Я резко остановился, бросив ее руку. Злость и досада вдруг переполнили меня:
— Зачем… Зачем, зачем ты сказала?
— А затем, чтобы нани не задирала передо мной нос. А то все время похваляется: она и стрелять умеет, и на медведя охотилась, и никого и ничего не боится… Э-э, да что тут говорить. Знаю я ее — никогда не рискнула бы чувалом пшеницы…
— Нет, — прервал я ее, топнув ногой. — Зачем ты рассказала об этом мне, мне… Зачем? Лучше бы я не знал!..
И в страшном горе я бросился прочь от Мец-Майрик, оставив ее растерянную на дороге.
— Геворг! Геворг! — услышал я вдогонку. — Вернись, вернись, тебе говорю!
Но я, не обращая внимания на ее зов, бежал, размазывая по лицу слезы…
В ту ночь я не вернулся к Мец-Майрик, а остался ночевать с Грантиком, у нани.
КАРАС
Все началось с этого треклятого глиняного кувшина, который нани, вычистив, выставила во двор просушиться, чтобы к вечеру засолить в нем перец, огурцы и все такое. Знаете, огромный такой — их у нас в Армении называют карасами — высотой с меня и с широким горлом, в которое, если захотеть, можно просунуть голову.
— Перец и огурцы, — сказала нани, легонько стукнув палкой по пузатому боку. — На зиму, — прибавила она, наклонив голову и с удовлетворением послушав мелодичный звон пустого караса, свидетельствующий, что он без единой трещинки. Потом, погрозив мне и моему брату Грантику палкой — на всякий случай — ушла.
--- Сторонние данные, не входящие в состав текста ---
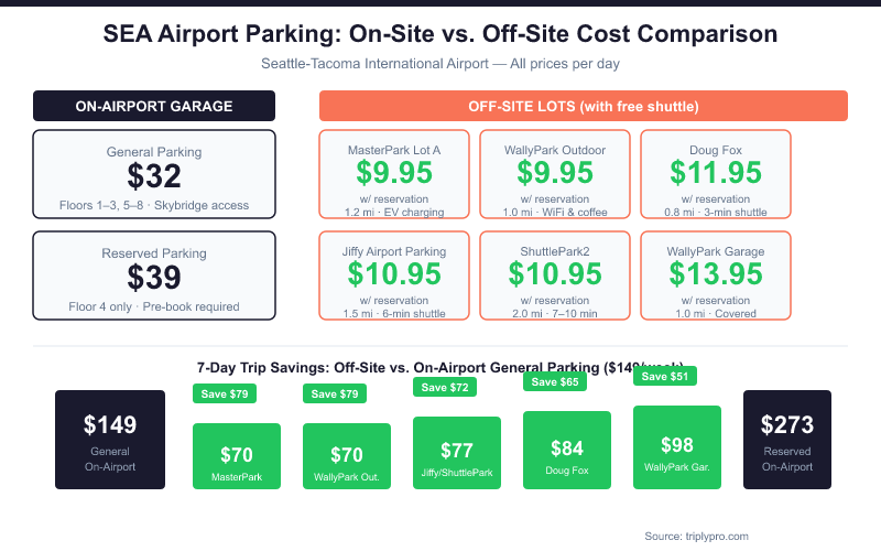 The Seattle-Tacoma International Airport SEA parking garage gives you on-airport convenience at $32/day for General Parking or $39/day for Reserved. For most travelers staying more than a couple of days, off-site lots from $12.95/day offer real savings without sacrificing security or convenience. Every major off-site lot runs free 24/7 shuttles, and most are within 10 minutes of the terminal.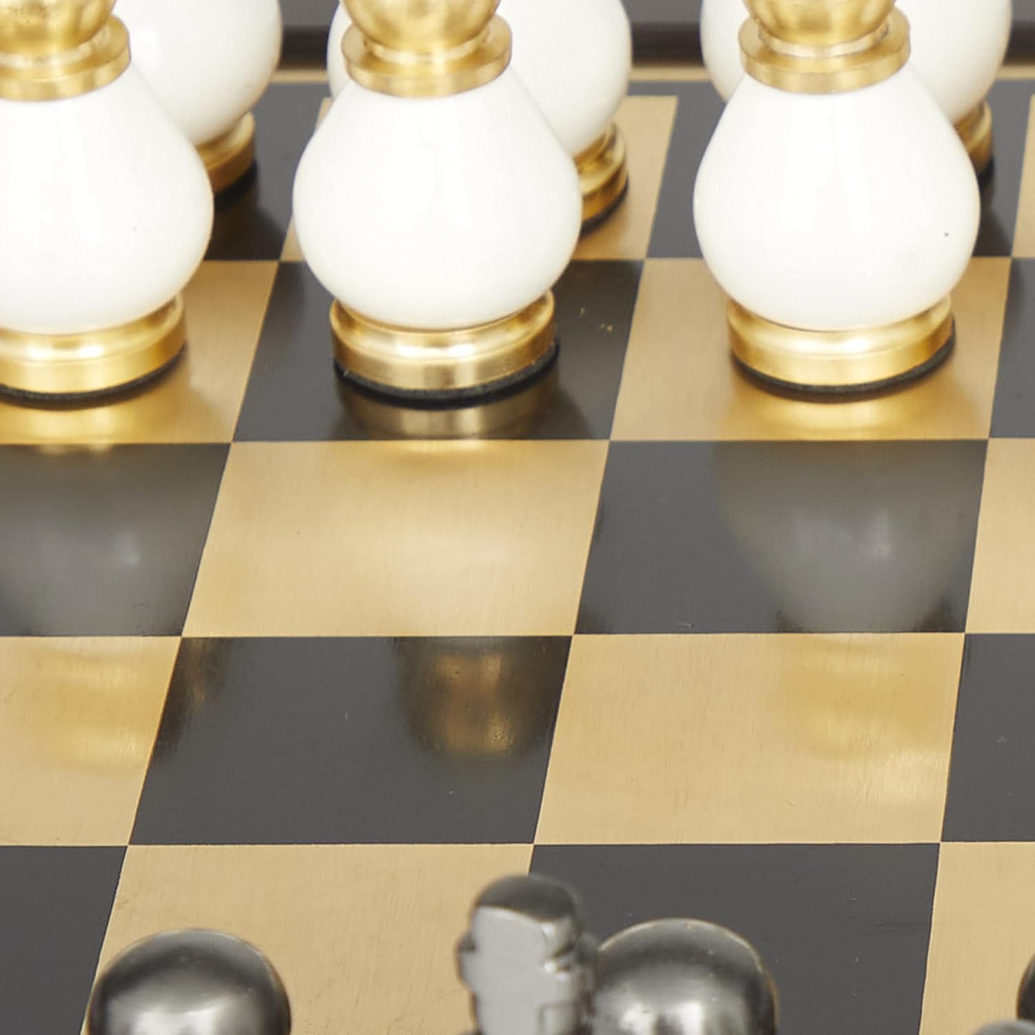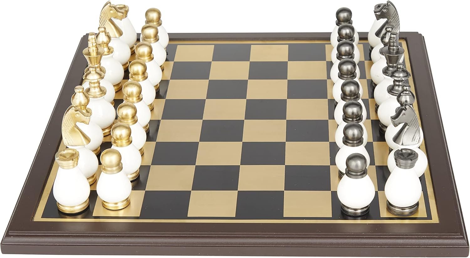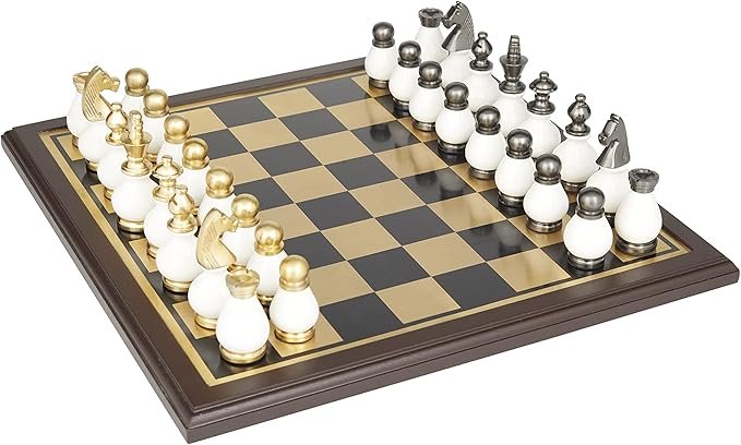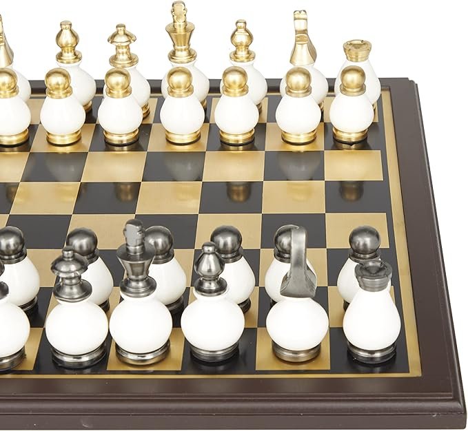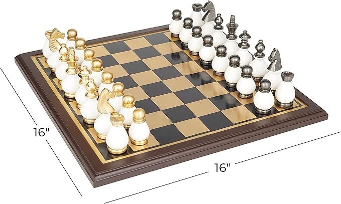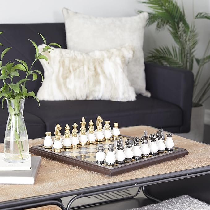 Una mezcla de blanco blanqueado con acabado dorado metálico pulido y plateado añade un aspecto elegante a este juego de mesa de juego para un juego clásico o una impresionante decoración de exhibición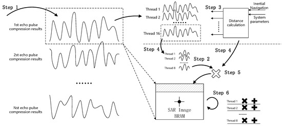 Step 1 receives echo data while performing range pulse compression on the echo data, and makes 16 copies of the compressed data to prepare for subsequent parallel calculation; step 4 receives the inertial navigation information and system parameters in 16 parallel threads to calculate the slant range by passing the calculated results to steps 3 and 5; step 3 receives the distance information, indexing each range pulse pressure result and exporting the outputs to step 2; step 2 receives the data and starts processing in eight parallel threads; step 5 receives the data from steps 2 and 4, and processes with high precision multiplication, writing the result to the Block RAM (BRAM); step 6 reads the BRAM data and initiates the multiple accumulation operation of eight parallel threads. The three-dimensional processing model corresponds to steps 4, 2, and 6, respectively. After the parallel optimisation, the data throughput rate can reach 200 Gsps, which meets the requirements of the BP algorithm for real-time imaging data calculation of the throughput rate.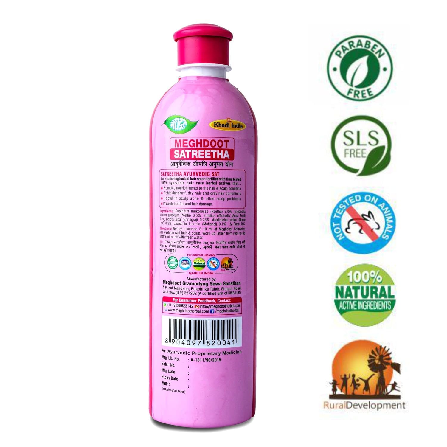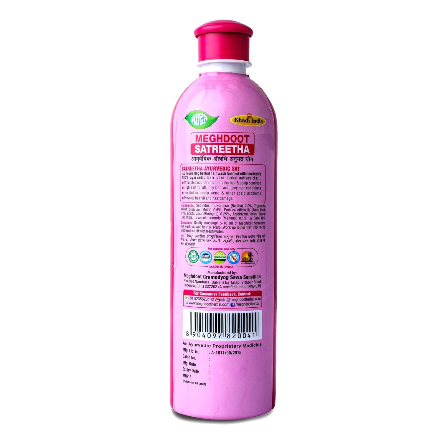 Meghdoot Satreetha Ayurvedic Shampoo is a combination of natural extracts that acts as a hair cleanser and is useful in controlling dandruff and scaly scalp condition. It also simulates healthy hair and scalp. It cleans and conditions the hair leaving them soft and silky. Key Ingredients: Soapberries(Sepindus Emarginatus) Acacia Rugate Indian Gooseberry(Embablica Afficinal) Neem(Azadirachta Indica) Amla Spikenard(Nardostachys Jatamausi) Valeriana wallichii(Valeriana Jatamausi)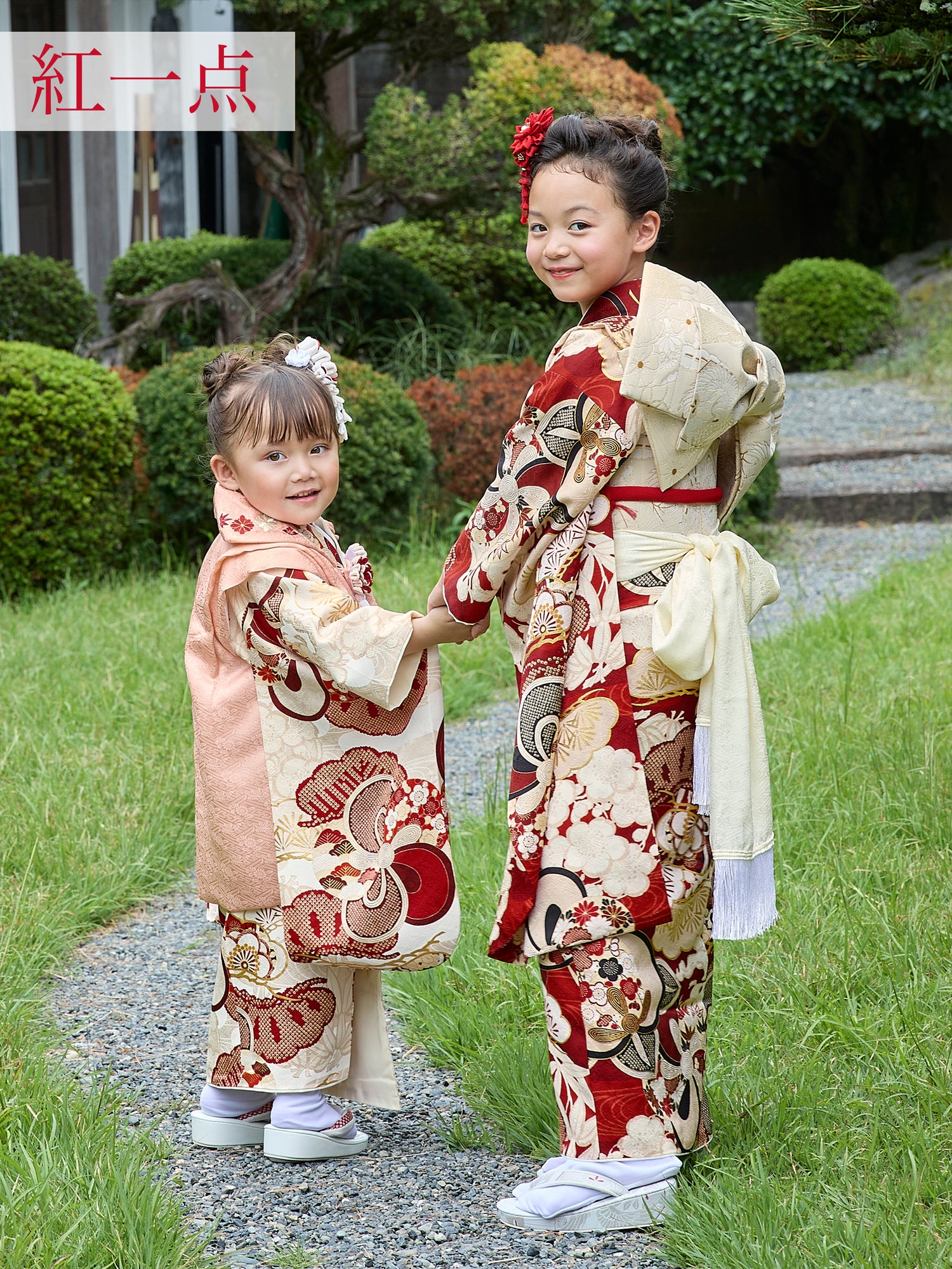 七五三 着物 レンタル 7歳 女の子【紅一点】ねじり梅に橘(赤) S0734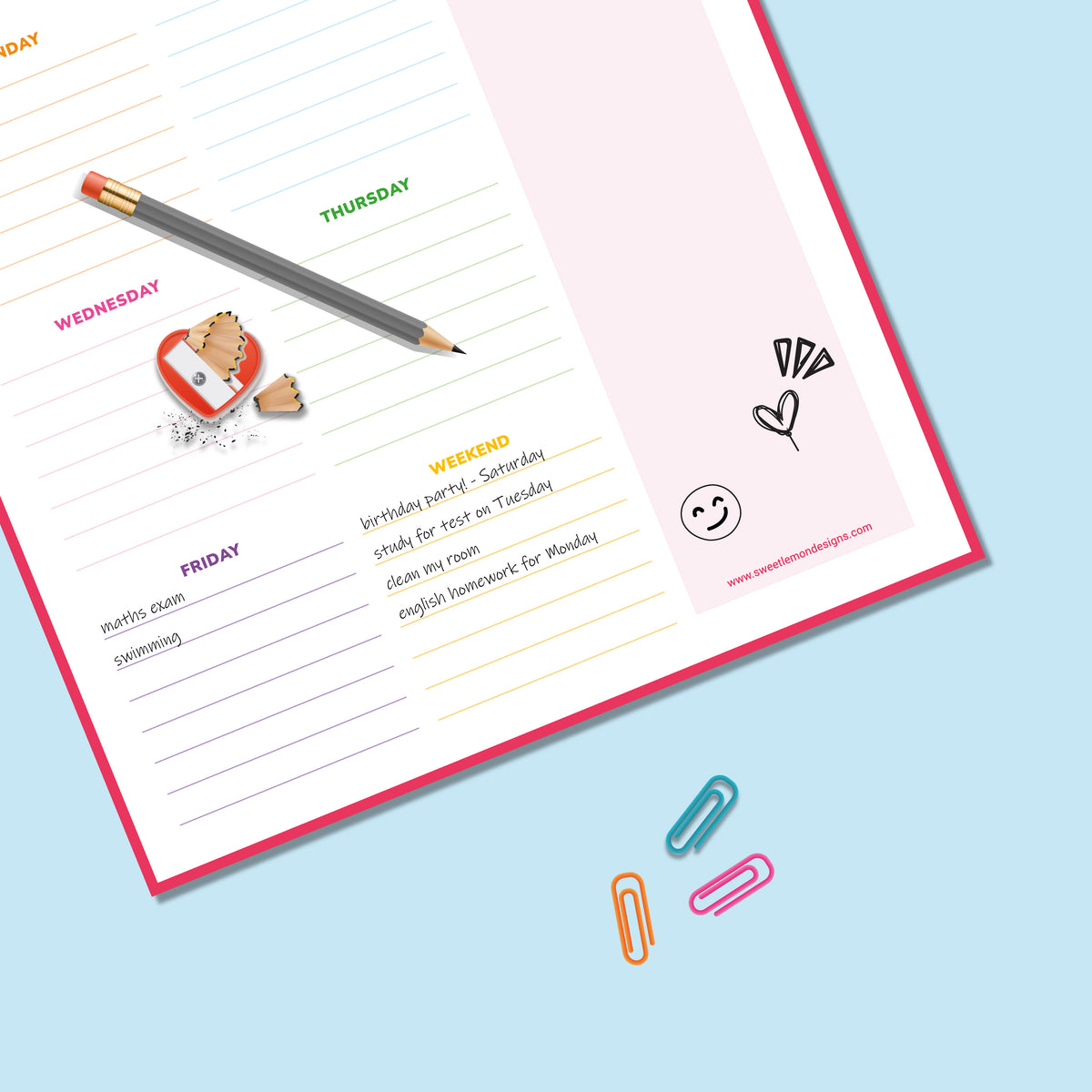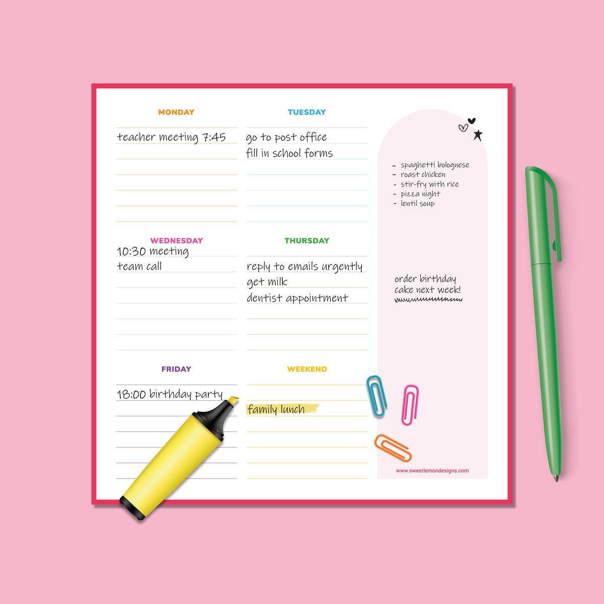 This notepad was made to live on your desk and keep your week on track.

Я пожал плечами. Жарища — ни дуновения ветерка. Ни у меня, ни у Грантика не было ни малейшего желания не то чтобы проказничать, но и двигаться.
— Привет! — сказал курчавый, как негр, Петрос, соседский мальчишка, возникнув рядом с нами как из-под земли. Его дом стоял за невысокой каменной оградой, отделяющей наши владения от их двора. Он всегда тут как тут, едва только бабушка уйдет со двора, — ух и боялся же он ее! — как, впрочем, и все окрестные мальчишки.
— Что это? — спросил он, кивнув на карас, прислоненный к каменной ограде.
Я промолчал, потому что терпеть не могу, когда задают праздные вопросы.
— Карас, — ответил Грантик.
— И у нас такой есть, — сказал Петрос. — Только в сто раз больше вашего.
Это у него такая привычка была: хвастаться. Если верить ему, все у них в сто раз лучше, больше и красивее.